I've kept a scrapbook, actually, a memory book if you will, of pictures of them and of other important things to have and to remember. Oz's Rolling Stone cover is in there, so is Xander's newspaper article about his strange teaching methods, Cordelia's wedding and baby announcements, and Willow's mention in a medical journal in an article dealing with treating blood loss. On the last page, I kept their obituaries. Oddly, it's Xander's that is my favorite. He wrote it himself, the ultimate last prank I suppose, and the ending goes like this: "He was at least tolerated by the people around him who faked laughter at his jokes, he loved his dog, and was usually rude to phone solicitors." It still makes me smile sometimes because it is so purely Xander.

In this book, however, there is one space left. It's for Buffy's obituary that has yet to be written. I hope whoever writes it does her justice.

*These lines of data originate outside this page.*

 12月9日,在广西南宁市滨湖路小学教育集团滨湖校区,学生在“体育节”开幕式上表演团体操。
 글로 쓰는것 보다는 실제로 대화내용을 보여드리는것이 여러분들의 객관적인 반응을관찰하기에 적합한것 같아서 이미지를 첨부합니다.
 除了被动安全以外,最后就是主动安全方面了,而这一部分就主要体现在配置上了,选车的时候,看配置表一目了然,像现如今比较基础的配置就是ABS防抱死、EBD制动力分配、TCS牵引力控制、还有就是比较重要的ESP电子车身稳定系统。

So there I was, in Sunnydale, standing outside of the hospital here with a bouquet of flowers in my hands. It's not enough, really, but what the hell? I walked inside, asked a kind orderly where Buffy Summers' room was. I was given directions by the woman who assumed I was probably a grandchild or something. If only she knew... I thanked her and went on my way.

I found it easily, and for a second I couldn't move my feet to walk inside. Something held me there for a while, just making me stare at the mahogany door of the room. When it seemed that I would never be able to move from that spot I finally willed my feet to take those steps and I walked inside.

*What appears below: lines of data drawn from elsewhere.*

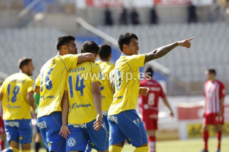 El duelo por la segunda plaza elevó a la UD Las Palmas tras un trompicado partido a los puestos de ascenso directo. Cuatro minutos le fueron suficiente a Sergio Araujo para desnudar a un organizado Girona, que pecó de manera mortal al perder un balón en zona de riesgo. David Simón asistió al argentino para que este batiera al portero del equipo catalán. Uno a cero y a verlas venir. La UD cedió la posesión del balón y el control del juego a los jugadores del Girona, pero todo este dominio apenas inquietó al portero Casto. Únicamente Matas fue el que afligió en dos ocasiones el corazón del aficionado isleño en la primera parte. No hubo más. Tan sólo una para el anecdotario, tuvo que ser atendido por sangrar . Volvió al campo con una nueva camiseta con su dorsal 8, pero el nombre de su anterior dueño, Benja, jugador cedido al Sabadell.
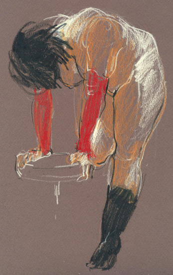 naakt steunend op kruk
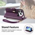 Custodia a portafoglio con motivo floreale e a foglie, tasca con cerniera e cinturino da polso per iPhone 17 Pro Max

It was like seeing a ghost of someone I'd once known and once loved with all that was in me. Her blonde hair was gone in favor of stark gray and her smooth skin was now old and covered with lines of age. There were tubes in her arms and machines connected to her, though I don't know what they were for. "Who is it?" she asked, and I knew that voice. It hadn't changed, even when so much had. It was still like music to me.

"It's me." I said softly.

"Angel?" she questioned. She cocked her head to one side and it was then that I realized that she couldn't see me. I moved closer, hoping that I was just too far away from her. "I'm sorry, Angel, I can't see you. I started going blind a few years ago--it's all gone now. Just some shadows, but not much else." I felt my heart leap into my throat at that statement.

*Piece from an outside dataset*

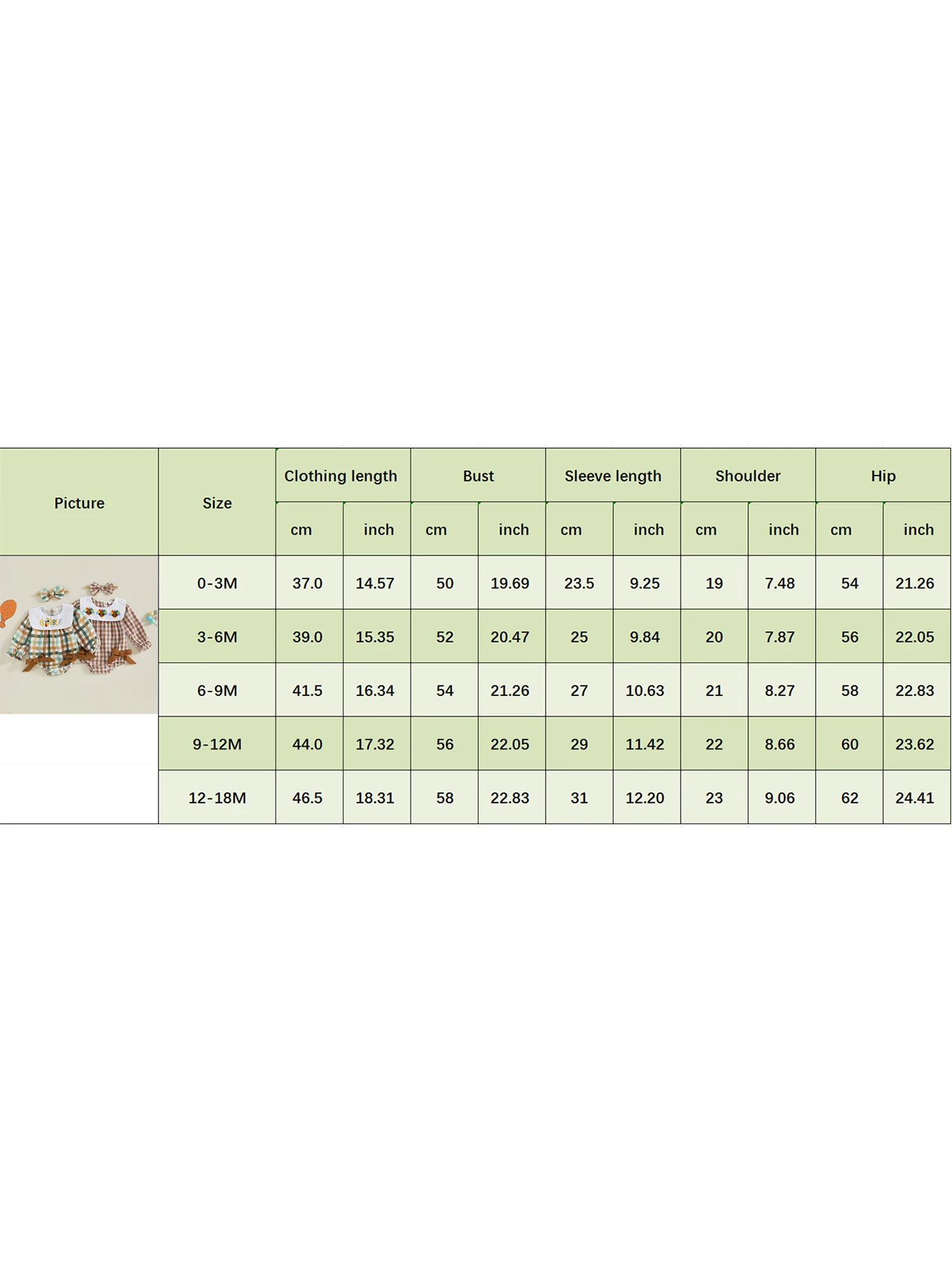 0-3M Length: 14.57 Bust: 19.68 Sleeve: 9.25 Shoulder: 7.48 Hip: 21.26 Advised Age: 0-3 Months

I sat at the edge of the bed and touched her hand and brought it to my face. She touched my cheeks, my nose and my lips and a small smile crossed her face, "Still beautiful, I bet." she whispered as she kept her hand there, gently cupping my cheek with it.

"I don't change much." I answered.

"No, I guess not. Not like me." she shrugged, and for a moment she looked so sad that my heart broke once more. "I think it'd be better if you couldn't see me. I don't want you to remember me like this."

"Like how?" I questioned.

"Old. Ugly." she retorted, bringing her other hand to her face to run her finger over her crow's feet.

I smiled against her hand and shook my head slowly, "Buffy, you couldn't be ugly if you tried. I don't see age when I look at you anyway." I touched her cheek, just as she was doing mine, "I see strength because I know that every one of these," I touched a single, well defined wrinkle in her skin, "means that you survived. It means you lived longer than any Slayer before you. That's what I see."

"You haven't changed." she softly laughed. Her laughter soon turned to a ragged cough that sent me scurrying for some water. She must have felt my weight leave the bed because as soon as I stood up she raised a hand. "It's okay." she said once she could speak again, "It's done. Won't be long now." she whispered. I felt a tear slip down my cheek and it fell onto her hand. "Don't cry, Angel." she tried to smile. "Come here." she moved slowly in the bed, making room for me.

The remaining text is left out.